Information provided:

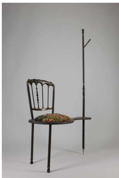
L'immigrée , 2013 Bois, broderies sur coton H. 156 x L. 85 x Pr. 40 cm

Les cinq œuvres exposées représentent une famille d'objets, expression des différents états d'une vie d'immigrant : les voyages, les souvenirs, les difficultés économiques, le maintien de l'intégrité tout en s'adaptant, les dissemblances entre la patrie et la terre adoptive. « Il s'agissait de créer une œuvre qui parle du lieu de naissance et du lieu d'adoption à travers les mémoires incarnées dans la matière. Ce qui est joli, dans ce migrant qui nous parle à travers les œuvres, c'est l'importance de sa richesse dans ce qu'il porte de vivant et non dans sa souffrance », précise Tal Waldman, plasticienne, designer et architecte, à l'origine du projet.
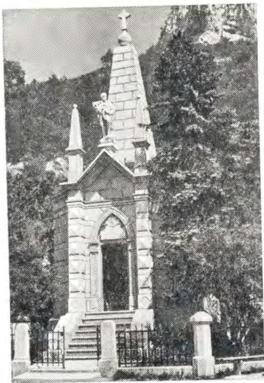
Дряновский монастырь. Усыпальница павших в апрельском восстании

Так организаторы начали подготовку восстания. Особенно оживились тогда потайные дорожки Средней горы. Под навесами скрытно мускулистые руки ковали несложные орудия, называемые по-болгарски «черешевы топчета». Юнаки собирали для них гирь от весов (гюллета), отливали свинцовые пули. Женщины приготавливали сухари, вязали чулки для повстанцев. Панагюрская учительница

What is expected: Transcribe exactly, with no pictures, the lines running from the first line of the material through the line holding "Дряновский монастырь. Усыпальница".

Task solution:
L'immigrée , 2013 Bois, broderies sur coton H. 156 x L. 85 x Pr. 40 cm

Les cinq œuvres exposées représentent une famille d'objets, expression des différents états d'une vie d'immigrant : les voyages, les souvenirs, les difficultés économiques, le maintien de l'intégrité tout en s'adaptant, les dissemblances entre la patrie et la terre adoptive. « Il s'agissait de créer une œuvre qui parle du lieu de naissance et du lieu d'adoption à travers les mémoires incarnées dans la matière. Ce qui est joli, dans ce migrant qui nous parle à travers les œuvres, c'est l'importance de sa richesse dans ce qu'il porte de vivant et non dans sa souffrance », précise Tal Waldman, plasticienne, designer et architecte, à l'origine du projet.
Дряновский монастырь. Усыпальница павших в апрельском восстании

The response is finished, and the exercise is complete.